Dla mnie nasi po prostu nie mieli sił - widać było, że te pięciosetówki z USA i Brazylią dużo nas fizycznie kosztowały.
Dodatkowo - jakoś tak wychodzi, że z Włochami częściej nam ... nie wychodzi. Mają na nas zazwyczaj sposób a poza tym naprawdę zmontowali świetną ekipę - co najgorsze wystarczająco młodą aby trochę jeszcze pograła.
Janusz rzeczywiście nie dorasta klasą (i doświadczeniem na takich imprezach) do Drzyzgi, ale trzeba tez mu oddać, że niewiele miał okazji rozgrywać - dostawał od przyjmujących takie piłki , że często musiał je ratować albo jak tylko się dało wystawiać. Przy trochę lepszym przyjęciu myślę że radziłby sobie lepiej.

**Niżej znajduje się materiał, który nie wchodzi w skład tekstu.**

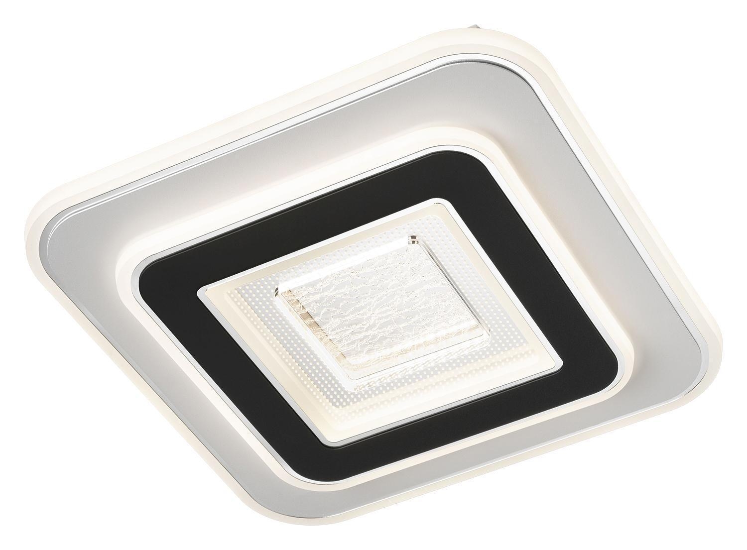 Die LED-Deckenleuchte JOYCE der Marke casa NOVA besteht aus Acryl und Metall in den Farben Schwarz und Weiß. Sie hat eine Breite von 35 cm, eine Höhe von 4,5 cm und eine Tiefe von 33 cm. Im Lieferumfang ist ein fest verbautes LED-Leuchtmittel enthalten, das nicht austauschbar ist. Dieses bietet eine Leistung von 18 Watt, eine warmweiße Lichtfarbe mit 3000 Kelvin und eine Helligkeit von 2100 Lumen.

Szkoda trochę ale z drugiej strony, jak gdzieś przeczytałem "siatkówka to w Polsce taki dziwny sport zespołowy, w którym kibice narzekają, że zostaliśmy wicemistrzami świata"
Za to w tenisie chyba idzie zmiana pokoleniowa - i w kobiecym (IGA !!!) i w męskim.
Alcaraz może nieźle dominować w najbliższych latach.